• **PROBLEM STATEMENT**
State how many lines in this listing include the word "with", and nothing else.

• **RECORDS PROVIDED**
========================================================================

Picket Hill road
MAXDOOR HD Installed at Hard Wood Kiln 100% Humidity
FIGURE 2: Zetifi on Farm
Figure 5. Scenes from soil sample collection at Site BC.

========================================================================

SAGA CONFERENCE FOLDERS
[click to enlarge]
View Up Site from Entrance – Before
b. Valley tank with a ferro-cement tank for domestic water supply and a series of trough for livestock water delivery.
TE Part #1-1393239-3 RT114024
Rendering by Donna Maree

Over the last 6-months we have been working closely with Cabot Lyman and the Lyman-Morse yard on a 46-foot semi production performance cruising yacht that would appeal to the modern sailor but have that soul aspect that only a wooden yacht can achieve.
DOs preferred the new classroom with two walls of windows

========================================================================

• **OUTPUT**
3